## Task statement
Return only the lines of the data below from the line with "Scegliete l'opzione giusta" up to and including the line with "感謝大家願意替選手服務、延續", exactly as written, with the pictures omitted.

-- Given entries follows --

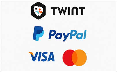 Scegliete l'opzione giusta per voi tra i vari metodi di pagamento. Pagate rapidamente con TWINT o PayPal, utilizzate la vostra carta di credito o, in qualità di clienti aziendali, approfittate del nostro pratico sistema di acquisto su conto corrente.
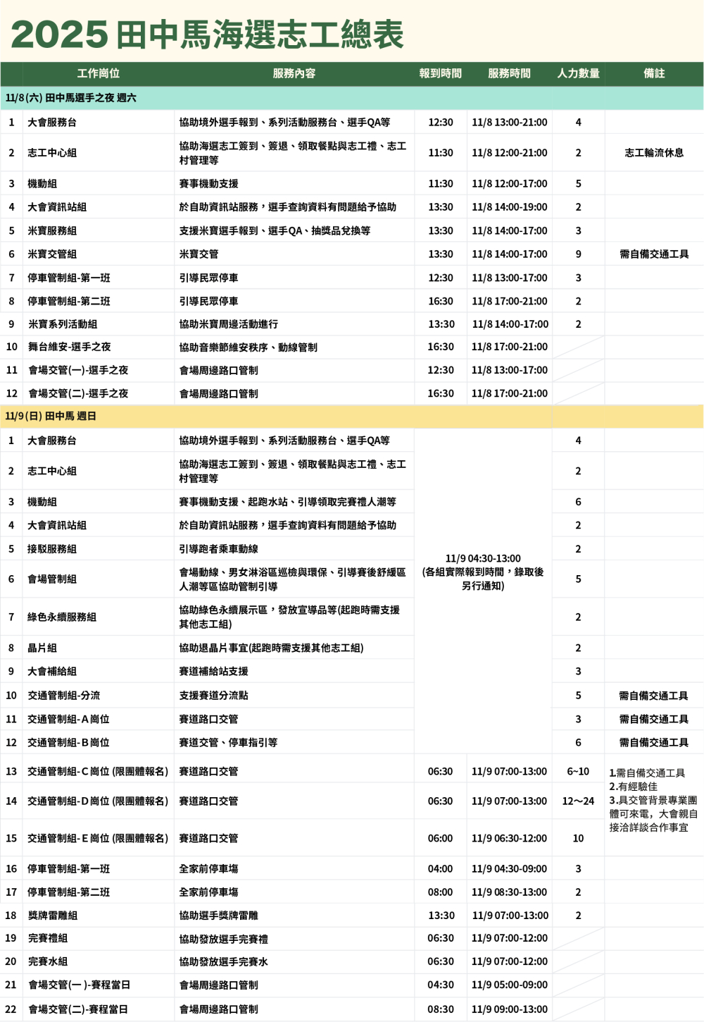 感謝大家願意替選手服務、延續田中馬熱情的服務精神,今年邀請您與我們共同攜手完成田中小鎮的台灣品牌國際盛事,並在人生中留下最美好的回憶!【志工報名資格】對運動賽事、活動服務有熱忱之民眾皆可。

-- Given entries concluded --
-- Given entries follows --

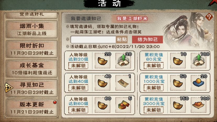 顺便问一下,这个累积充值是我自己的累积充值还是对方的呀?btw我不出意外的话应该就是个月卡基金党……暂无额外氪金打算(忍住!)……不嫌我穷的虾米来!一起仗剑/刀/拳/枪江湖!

-- Given entries concluded --

## Exercise result
 Scegliete l'opzione giusta per voi tra i vari metodi di pagamento. Pagate rapidamente con TWINT o PayPal, utilizzate la vostra carta di credito o, in qualità di clienti aziendali, approfittate del nostro pratico sistema di acquisto su conto corrente.
 感謝大家願意替選手服務、延續田中馬熱情的服務精神,今年邀請您與我們共同攜手完成田中小鎮的台灣品牌國際盛事,並在人生中留下最美好的回憶!【志工報名資格】對運動賽事、活動服務有熱忱之民眾皆可。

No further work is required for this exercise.